When you return the data, keep every line exactly as it is and leave out the pictures.
** SOURCE DATA follows **
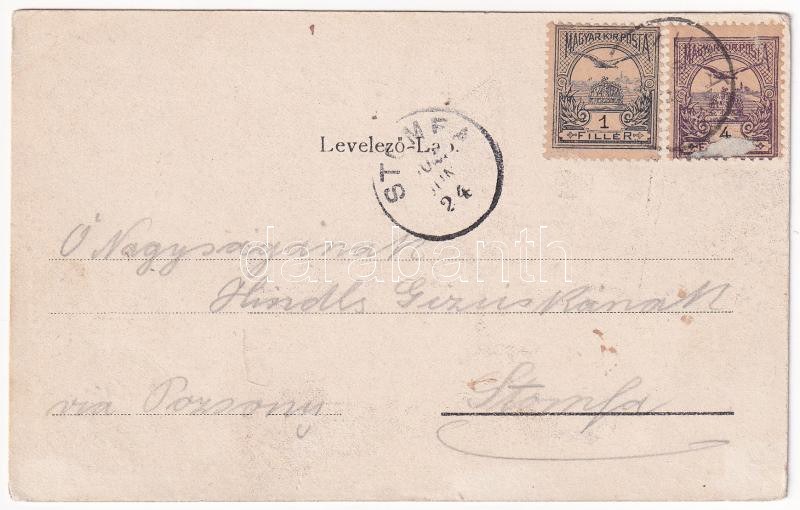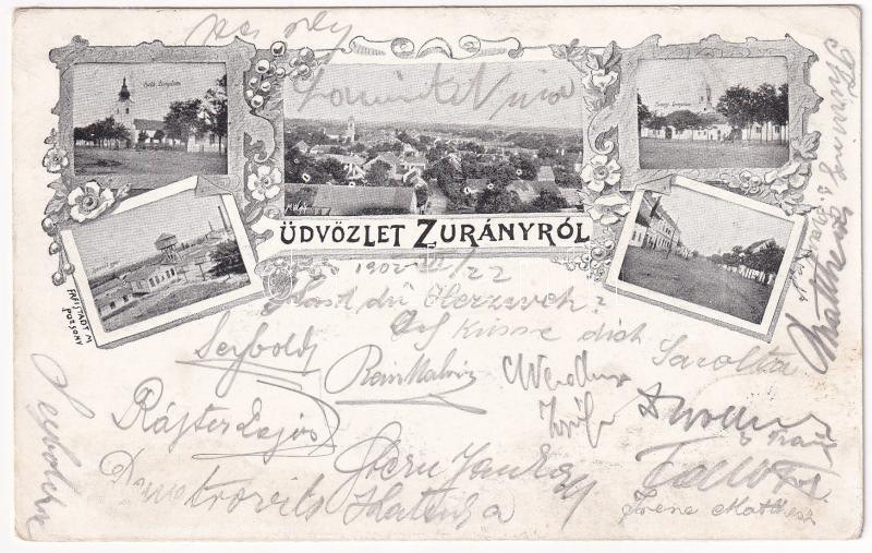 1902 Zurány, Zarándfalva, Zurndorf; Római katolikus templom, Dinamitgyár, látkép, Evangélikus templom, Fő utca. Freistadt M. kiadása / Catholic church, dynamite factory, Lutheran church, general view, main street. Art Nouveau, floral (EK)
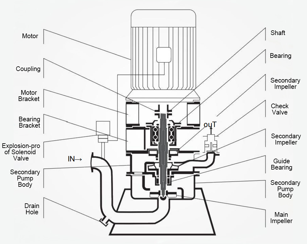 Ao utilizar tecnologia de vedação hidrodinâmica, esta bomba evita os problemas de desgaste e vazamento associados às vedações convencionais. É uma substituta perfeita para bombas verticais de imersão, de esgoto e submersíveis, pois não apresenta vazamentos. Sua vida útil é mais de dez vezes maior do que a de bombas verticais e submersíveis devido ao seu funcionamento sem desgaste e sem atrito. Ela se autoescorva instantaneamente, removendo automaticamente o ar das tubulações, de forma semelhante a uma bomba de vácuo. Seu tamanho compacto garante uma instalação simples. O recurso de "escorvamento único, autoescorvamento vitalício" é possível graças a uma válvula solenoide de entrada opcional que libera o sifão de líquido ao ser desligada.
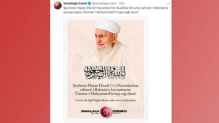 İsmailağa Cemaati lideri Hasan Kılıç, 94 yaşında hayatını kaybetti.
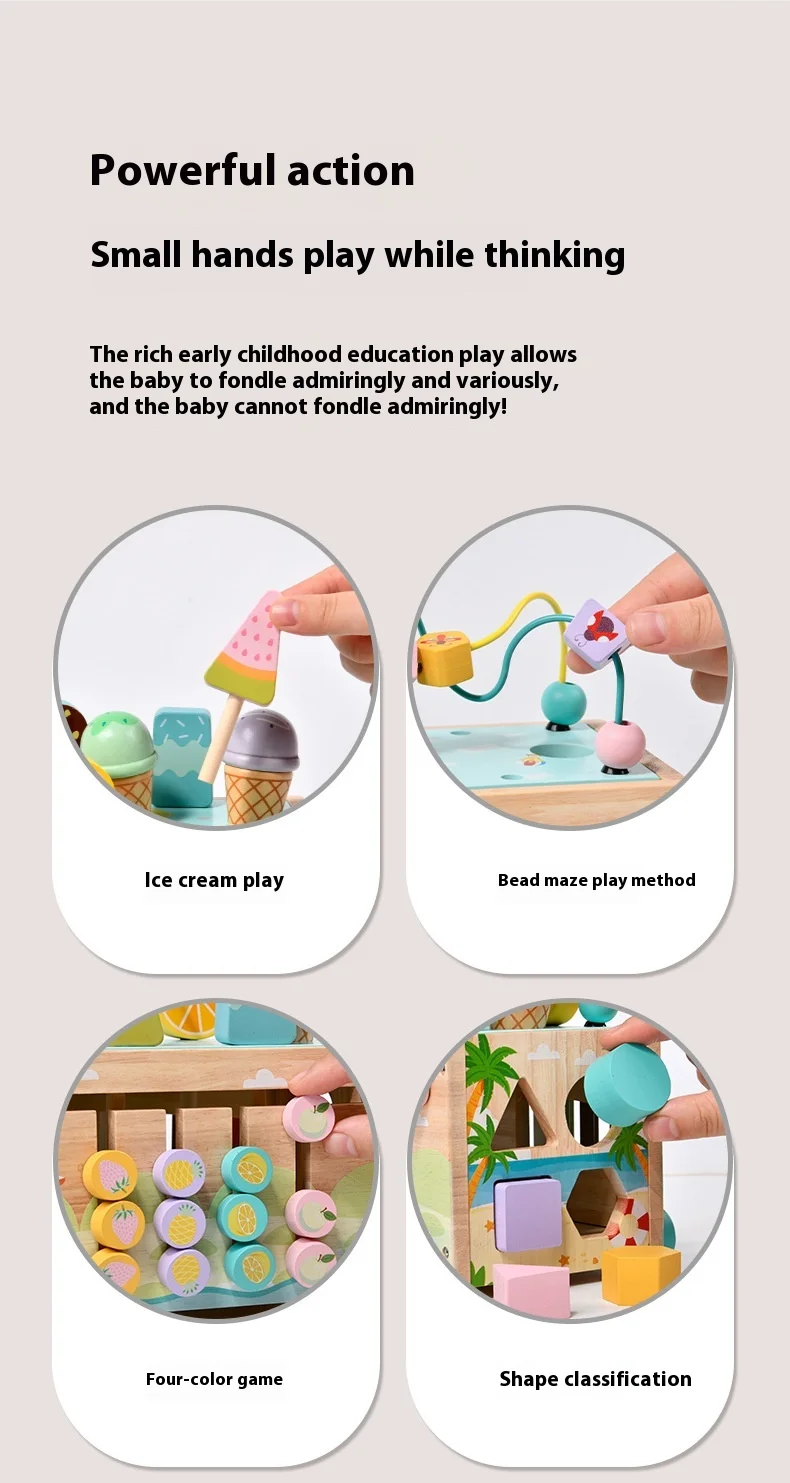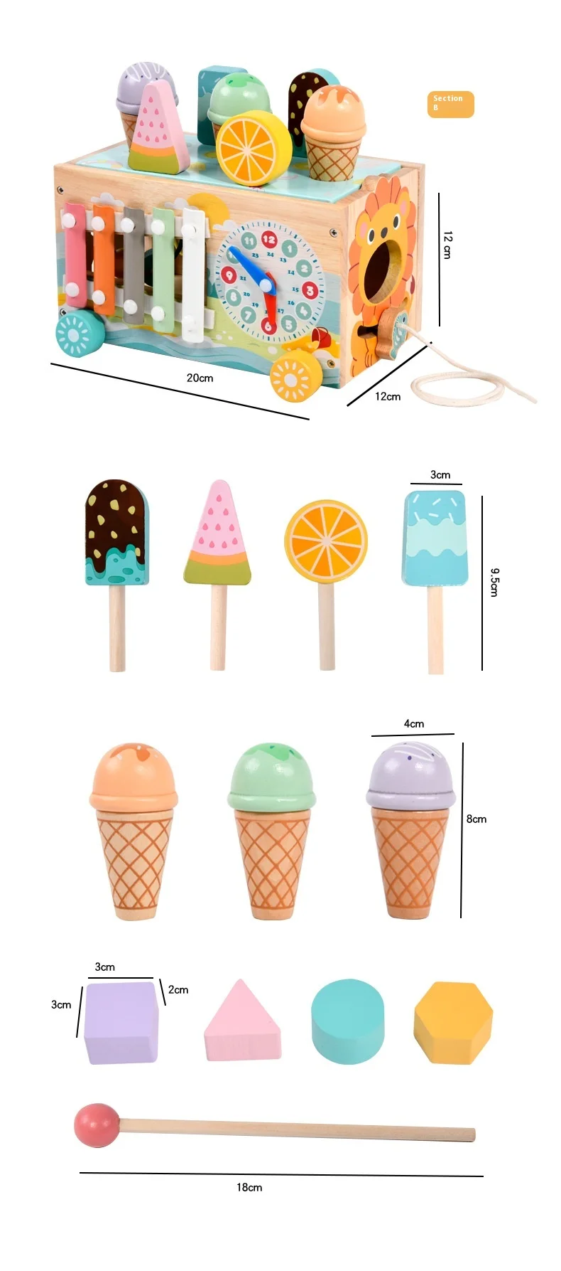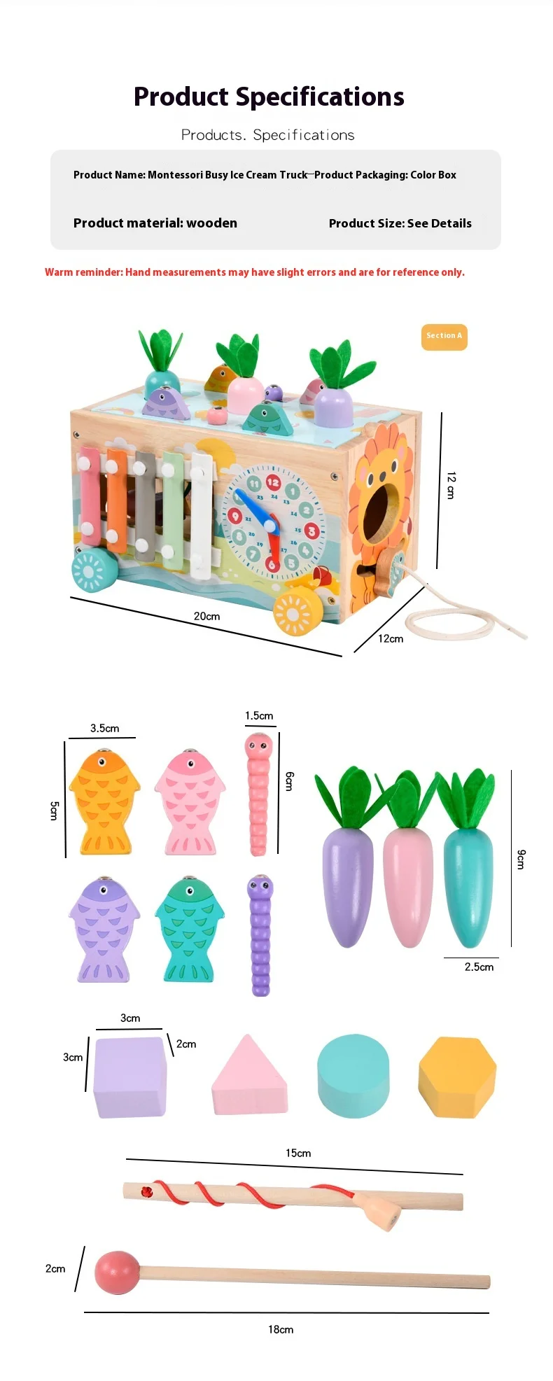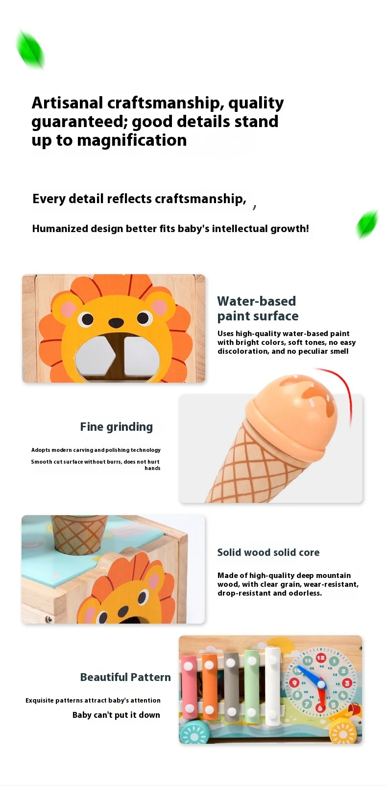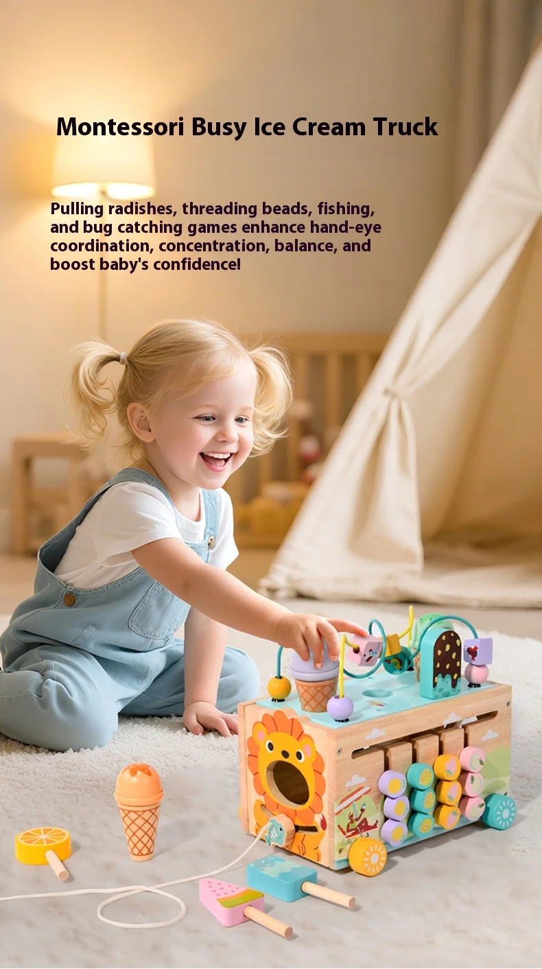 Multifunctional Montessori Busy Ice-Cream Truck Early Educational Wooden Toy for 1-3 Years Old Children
** End of SOURCE DATA **
- REPLY TO THE EXERCISE -
 1902 Zurány, Zarándfalva, Zurndorf; Római katolikus templom, Dinamitgyár, látkép, Evangélikus templom, Fő utca. Freistadt M. kiadása / Catholic church, dynamite factory, Lutheran church, general view, main street. Art Nouveau, floral (EK)
 Ao utilizar tecnologia de vedação hidrodinâmica, esta bomba evita os problemas de desgaste e vazamento associados às vedações convencionais. É uma substituta perfeita para bombas verticais de imersão, de esgoto e submersíveis, pois não apresenta vazamentos. Sua vida útil é mais de dez vezes maior do que a de bombas verticais e submersíveis devido ao seu funcionamento sem desgaste e sem atrito. Ela se autoescorva instantaneamente, removendo automaticamente o ar das tubulações, de forma semelhante a uma bomba de vácuo. Seu tamanho compacto garante uma instalação simples. O recurso de "escorvamento único, autoescorvamento vitalício" é possível graças a uma válvula solenoide de entrada opcional que libera o sifão de líquido ao ser desligada.
 İsmailağa Cemaati lideri Hasan Kılıç, 94 yaşında hayatını kaybetti.
 Multifunctional Montessori Busy Ice-Cream Truck Early Educational Wooden Toy for 1-3 Years Old Children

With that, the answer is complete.